Considerada a mandante, Adriana nunca foi condenada. Já os três assassinos, Leonardo Campos Alves, Francisco Mairlon e Paulo Cardoso Santana estão presos na Papuda. As penas dos três somam 177 anos. Os desdobramentos do crime tiveram uma trajetória novelesca, com a imposição de inúmeros recursos legais.

O ministro relator Sebastião Alves dos Reis pediu vista do processo após a defesa pedir a anulação do processo e a extinção da sentença. Se o STJ acatar o pedido, Adriana Vilela escapará do júri popular e o processo poderá ser encerrado.
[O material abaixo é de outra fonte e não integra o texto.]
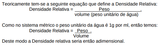Segundo PINTO (2000) as relações entre quantidade de matéria (massa) e volume são denominadas massas específicas, e expressas geralmente em ton/m3 , kg/dm3 ou g/cm3 e as relações entre pesos e volumes são denominados pesos específicos e expressos geralmente em KN / m3 . A expressão “densidade”, comum na engenharia, se refere à massa específica e “densidade relativa” é a relação entre a densidade do material e a densidade da água a 4°C. Como esta é igual a 1 kg/dm3 , resulta que a densidade relativa tem o mesmo valor que a massa específica (expressa em g/cm3 , kg/dm3 ou t/m3 ), mas é adimensional.

Adriana é acusada de mandar matar o pai, a mãe e a empregada num apartamento no Bloco C da 113 Sul, no Plano Piloto (DF). Ela seria a mandante dos assassinatos para ficar com a herança dos pais. José Guilherme Vilela foi ministro do Tribunal Superior Eleitoral e na época tinha 73 anos. A mãe, Maria Carvalho, tinha 69, e a empregada, Francisca Nascimento da Silva, 58 anos.
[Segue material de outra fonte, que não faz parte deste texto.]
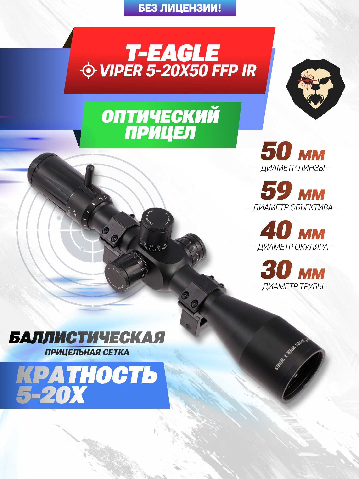 Оптический прицел T-Eagle Viper 5-20x50 FFP IR (30 мм, подсветка) купить в интернет-магазине Popadiv10.

Nas investigações, o caso teve desdobramentos surpreendentes. Um policial responsável pelo caso foi acusado de atrapalhar as investigações. Depois, uma força-tarefa da Polícia Civil deteve a própria Adriana, o policial civil José Augusto Alves e Guiomar Barbosa da Cunha, ex-empregada da família. Também foram presos a paranormal Rosa Maria Jaques e seu marido, João Tocchetto, todos acusados de dificultar o trabalho policial.
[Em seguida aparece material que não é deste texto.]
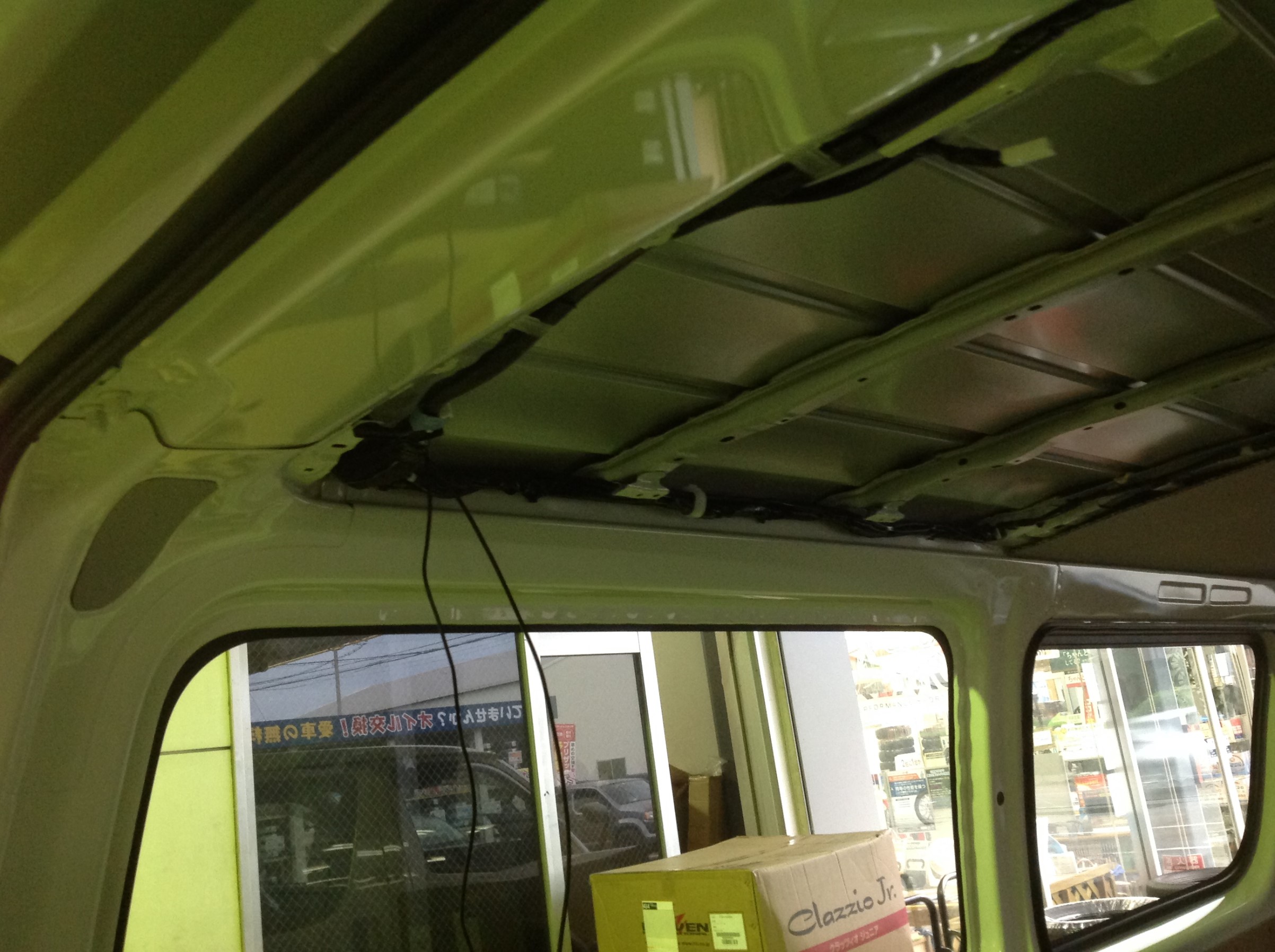 配線は天井の内張りを降ろしまして、フロントまで引き回し ♪

A suposta criminosa está muito bem assistida por advogados desde o princípio. Entre os profissionais que atuaram ou atuam no processo, estão Antônio Carlos de Almeida Castro, o Kakay. Em agosto de 2017, ele garantiu que não recebia honorários. “Eu nem cobrei esse caso, fiz a pedido dos amigos do Zé (José) Guilherme, que são os ministros Sepal Pertence (refere-se a Sepúlveda Pertence), ministro Eduardo Ribeiro, ministro Pedro Gordilho e outros amigos”.